The unwillingness of the courts to accept that the Horizon IT system developed for the Post Office was unreliable and lacking in robustness—until the key judgment, which has already been mentioned, by Mr Justice Fraser in 2019—is one of the main reasons why more than 900 sub-postmasters were wrongly prosecuted. The error logs of any computer system make it possible to identify unexpected states in the computer software and hence erroneous system behaviour. Error logs for the Horizon IT system were disclosed only in response to a direction from the court in early 2019. At that point, the records from Fujitsu’s browser-based incident management system revealed 218,000 different error records for the Horizon system.
For 18 years prior to 2019, the Post Office did not disclose any error log data, documents which are routinely maintained and kept for any computer system of any size and complexity.

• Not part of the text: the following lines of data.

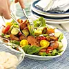 Slanta korven och stek i sitt eget fett tills den fått färg. Skölj salladen och blanda med delade tomater, skivad lök och avokado i bitar.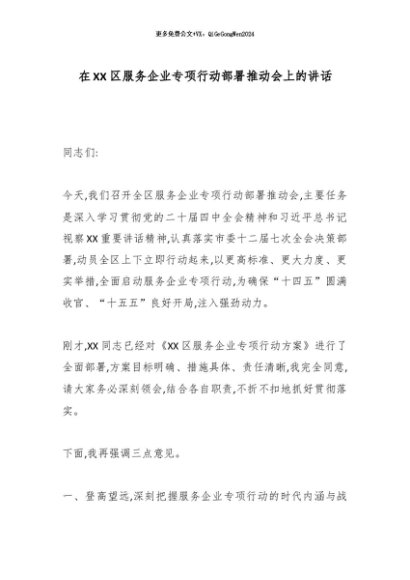 【七哥公文】2025年:在XX区服务企业专项行动部署推动会上的讲话_副本+更多免费公文+VX:QiGeGongWen2024
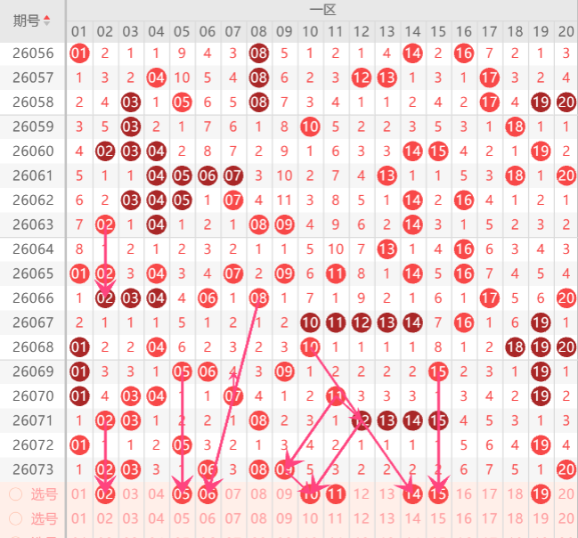 一区在近期的走势分析,近期一区间是一个温热形态,上期一区间开出了6码,而且上期区间开出的形态是隔期回补和空位回补走势,上期小妹在文章里布局到了3码开出,那么本期一区间重点关注的形态是空位回补,重码走势,隔期回补,那么本期首先注意空位回补上的11.14.15.16中回补1-2码机会,而重码走势上的02.06.08中布局1码走重机会,至于隔期回补上01.05.19中选择1码回补机会,上期重点关注在对称形态上布局到了1码开出,那么本期重点关注在空位回补上布局一码订胆机会,如图所示。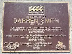 ![]() Commemorative plaque to Darren Smith in Gold Coast, Australia | |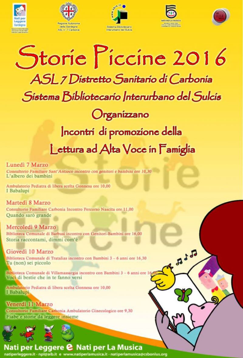 L’evento rientra nelle attività di promozione del Progetto “Nati per Leggere”, realizzato dal Sistema Bibliotecario Interurbano del Sulcis, di cui il Comune di Carbonia è ente capofila, in collaborazione con la ASL 7 - Distretto Sanitario di Carbonia.
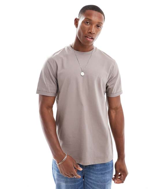 ASOS DESIGN - Essential - T-shirt ras de cou à manches retroussées - Marron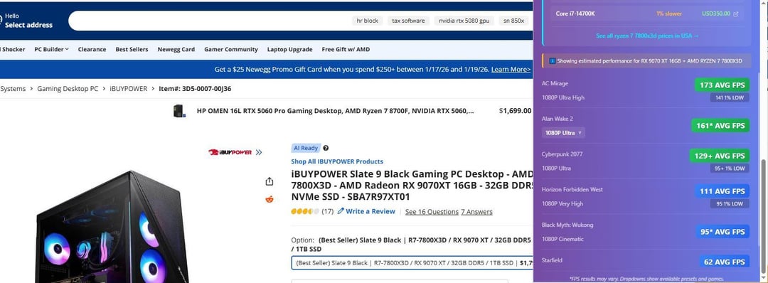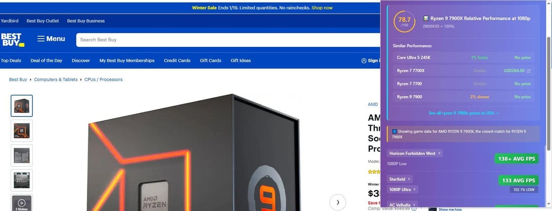 It works by clicking the extension icon while you're on the product page of Amazon, Newegg or Best Buy (.com versions), and it will bring up an overlay with video game performance.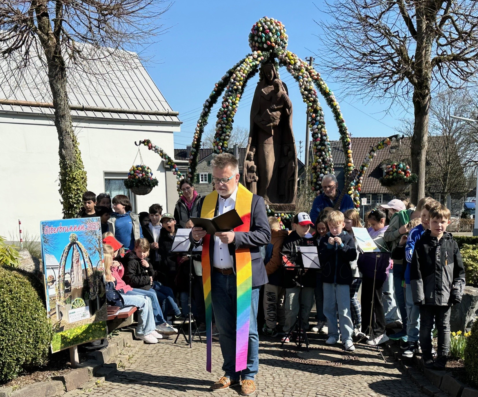 Mehr als 150 Bürger und Bürgerinnen, Kinder aus Grundschule und Kindergärten, so wie geladene Gäste erfreuten sich an den rund 3.000 bunt bemalten Ostereiern, die mit viel Mühe und Aufwand über der Marienstatue kunstvoll zusammengefügt waren. Die Gäste der Welschen Ennester Caritas-Tagespflege hatten in diesem Jahr mit einer großen Anzahl bemalter Eier zu diesem beeindruckenden Gesamtbild beigetragen.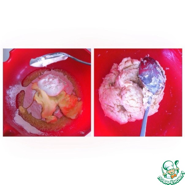 2. Соединить масло, муку с содой и сметану. Перемешать до однородности.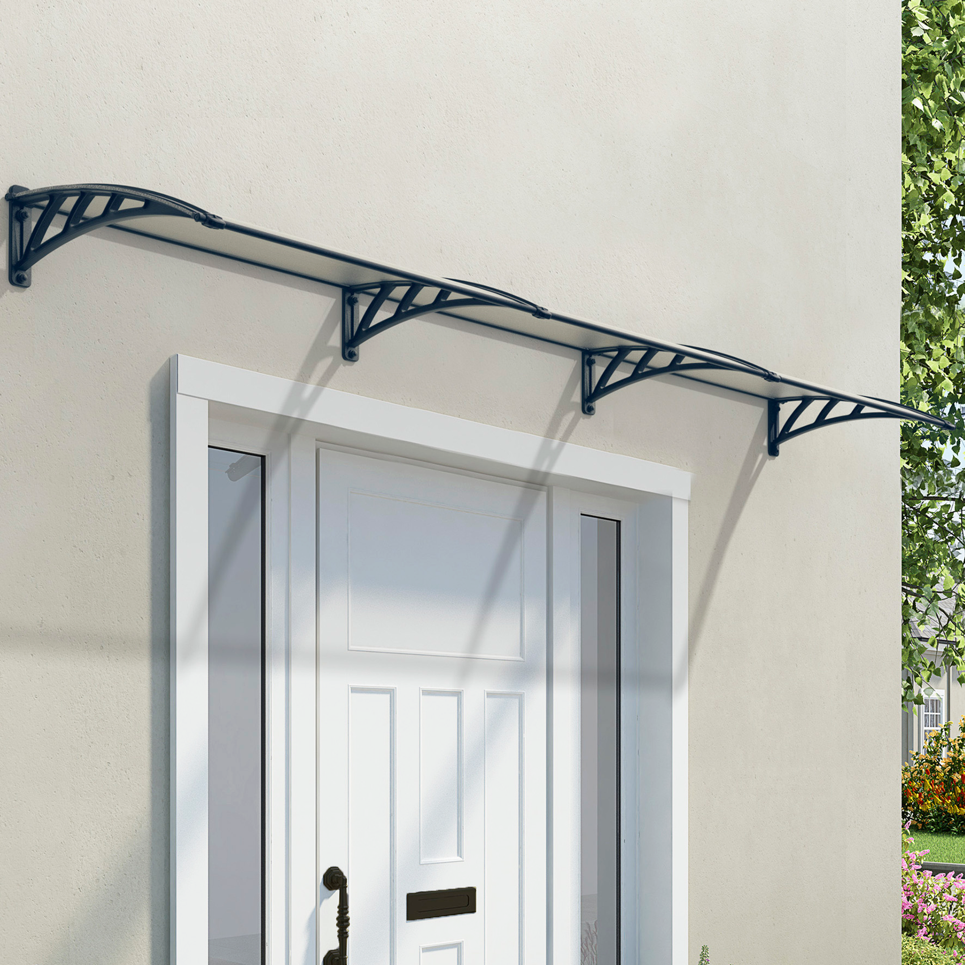 Tämä nykyaikainen, kaareva katos suojaa kätevästi oviaukkoa tai ikkunaa ankarilta sääolosuhteilta. Katoksen materiaalit ovat ympäristöystävällisiä. Katos lisää koko rakennuksen tyyliä ja arvoa.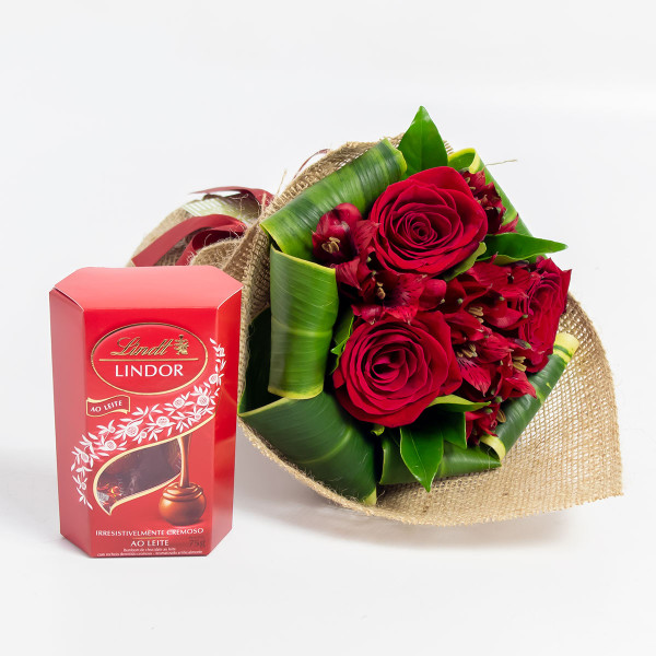 Buquezinho de 3 rosas importadas em meio a folhagens e envolto por tela de juta sintética e chocolate Lindt Lindor Milk 75g. Ideal para presentear alguém especial!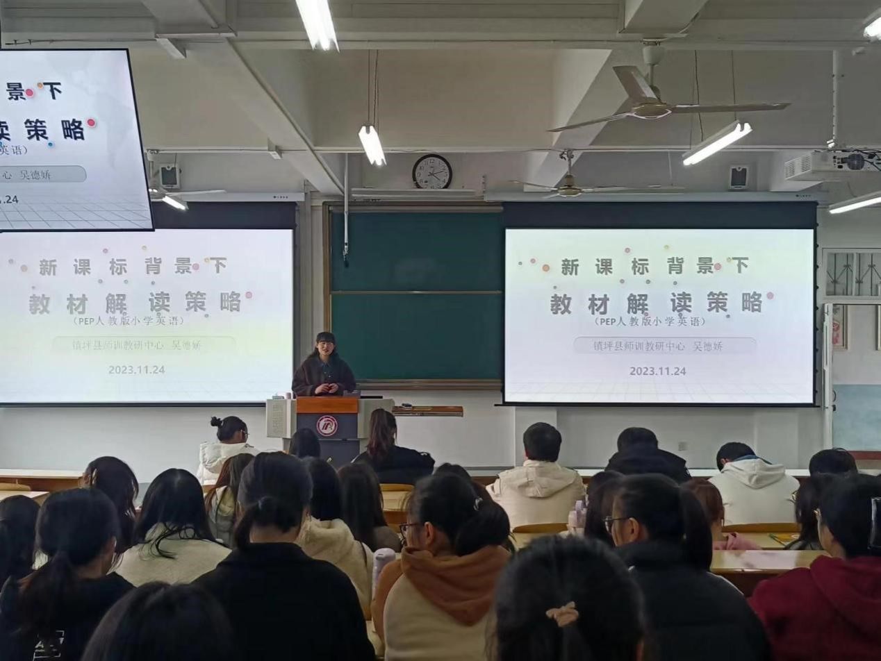 为了提高师范生深度解析教材的能力,了解新课标下小学英语教材的实际运用情况,太阳成tyc122cc集团于11月24日下午四点在1510教室开展“新课标背景下教材解读策略”主题讲座,此次讲座邀请安康市镇坪县师训教研中心吴德娇老师主讲,陈珂老师主持。2021级小学教育文科1、2班全体员工参加。

Existing disclosure arrangements in legal proceedings do not work effectively for computer software, and this amendment concerning the electronic evidence produced by or derived from a computer system seeks to address this issue. The Post Office Horizon IT inquiry finished hearing evidence yesterday, having catalogued a human tragedy of unparalleled scale, one of the most widespread miscarriages of justice in the UK. Whether it is by means of this amendment or otherwise, wrongful prosecutions on the basis that computers always operate properly cannot continue any longer.
My Lords, if I may just interject, I have seen this happen not just in the Horizon scandal. Several years ago, the banks were saying that you could not possibly find out someone’s PIN and were therefore refusing to refund people who had had stuff stolen from them. It was not until the late Professor Ross Anderson, of the computer science department at Cambridge University, proved that they had been deliberately misidentifying to the courts which counter they should have been looking at, as to what was being read, and explained exactly how you could get the thing to default back to a different set of counters, that the banks eventually had to give way. But they went on lying to the courts for a long time. I am afraid that this is something that keeps happening again and again, and an amendment like this is essential for future justice for innocent people.

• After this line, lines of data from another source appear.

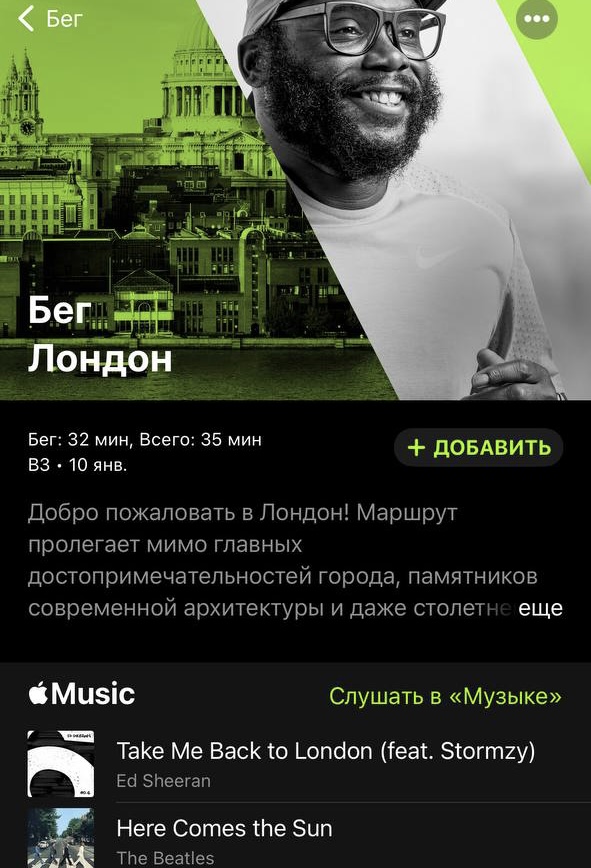 Аудиоподборка «Пробежка» в сервисе Fitness+ помогает пользователям бегать регулярнее и эффективнее и представляет популярные и живописные беговые маршруты в известных городах мира.
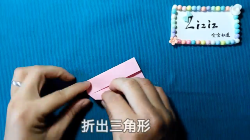 将纸折成三角形。
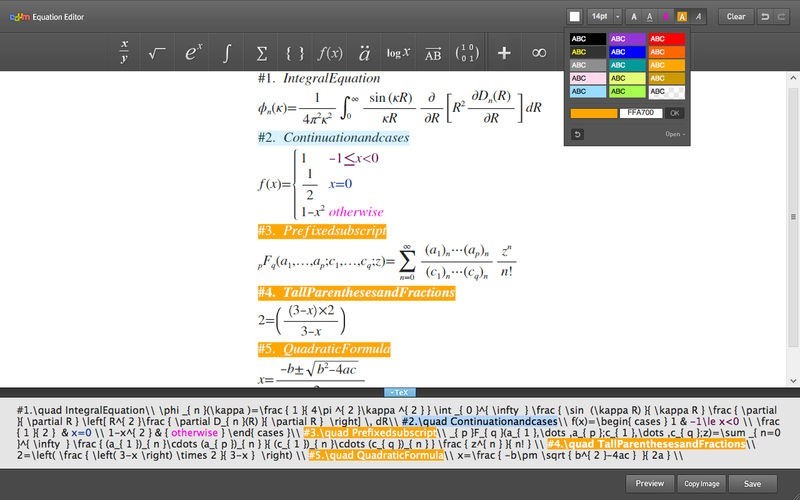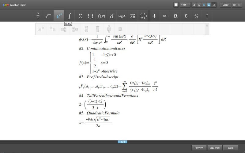 App Storeより引用Daumの数式編集機は簡単な数式から複雑な数式まで手軽かつ早く集機する為に製作されました。編集機で提供する多くの種類の数式達を利用し、ボタンをクリックするだけで、お望みの数式を作る事が出来ます。また、Tex入力機を通して入力されたTexを分析し、数式を作ってくれます。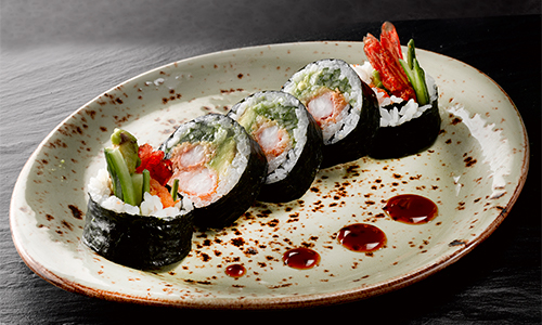 Dybstegt paneret tigerrejer med avocado, agurk og teriyaki sauce

My Lords, it is a pity that this debate is taking place so late. I thank the noble Lord, Lord Arbuthnot, for his kind remarks, but my work ethic feels under considerable pressure at this time of night.

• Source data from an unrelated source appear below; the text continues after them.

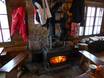 Le Refuge du Trappeur is a rustic wooden cabin with an open fireplace. Drinks and light snacks are served. In good weather, you can also relax in a deck chair in front of the cabin.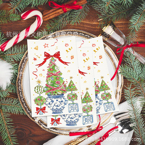 CZJ186 礼物圣诞树长纸巾 节日派对布置餐巾 圣诞装饰一次性纸巾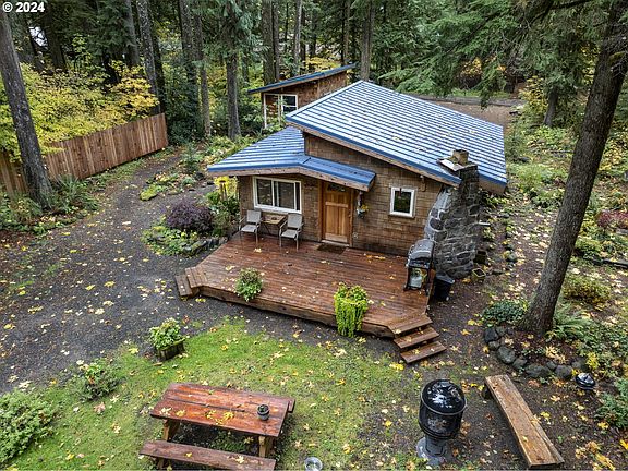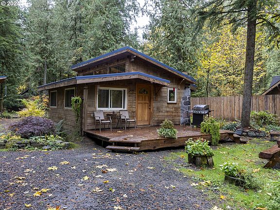 Located at the end of a quiet, dead-end street, this cozy one-bedroom, one-bathroom cabin is an ideal weekend retreat or full-time sanctuary for those seeking peace and inspiration. Surrounded by trees, the property offers a private wooded setting. The large front porch overlooks a well-landscaped yard that blends seamlessly with the forest. Entering the cabin, you are welcomed into an inviting kitchen and living room open floor plan with vaulted ceilings. Addition studio inspires creativity with its own space to work on projects. Parking is available both in front and behind the cabin, accessibility is never an issue, yet privacy remains intact. A short trail leads to river access, where you can enjoy the soothing sounds of water. Less than 15 minutes to Ski Bowl, 20 minutes to Timberline Lodge, and an hour to PDX!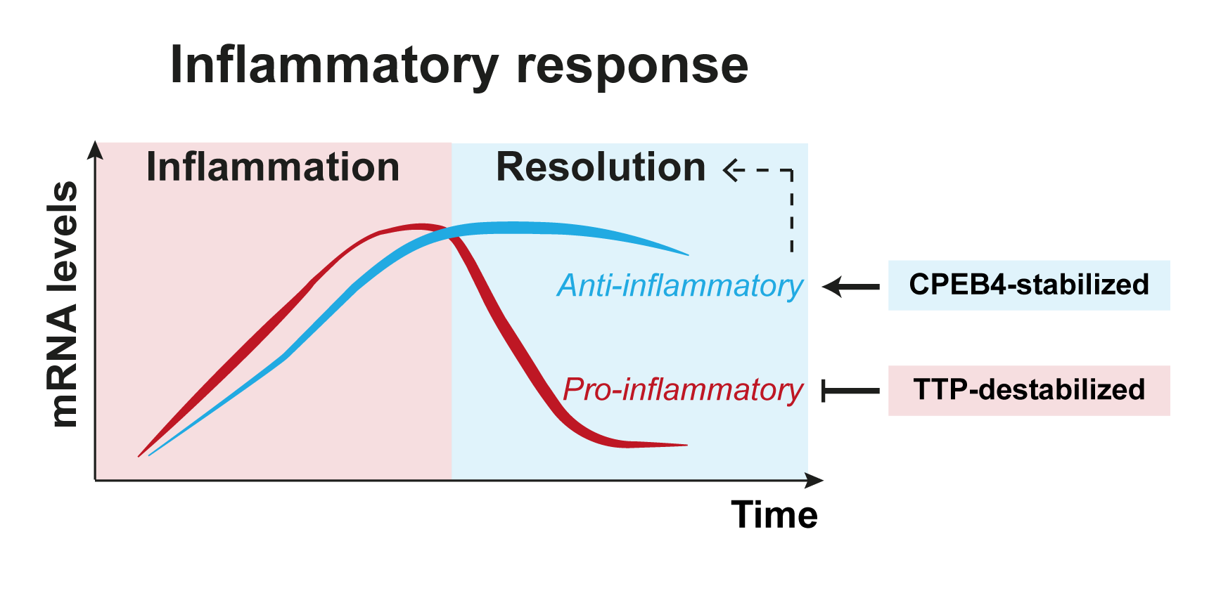 The mechanism proposed is based on a balance between two elements, namely the pro-inflammatory TTP protein, and CPEB4 protein, the latter being essential to terminate inflammation.

All I will say is that this is a much better amendment than the one that the noble Baroness, Lady Kidron, put forward for the Data Protection and Digital Information Bill, and I very strongly support it. Not only is this horrifying in the context of the past Horizon cases, but I read a report about the Capture software, which is likely to have created shortfalls that led to sub-postmasters being prosecuted as well. This is an ongoing issue. The Criminal Cases Review Commission is reviewing five Post Office convictions in which the Capture IT system could be a factor, so we cannot say that this is about just Horizon, as there are the many other cases that the noble Baroness cited.
We need to change this common law presumption even more in the face of a world in which AI use, with all its flaws and hallucinations, is becoming ever present, and we need to do it urgently.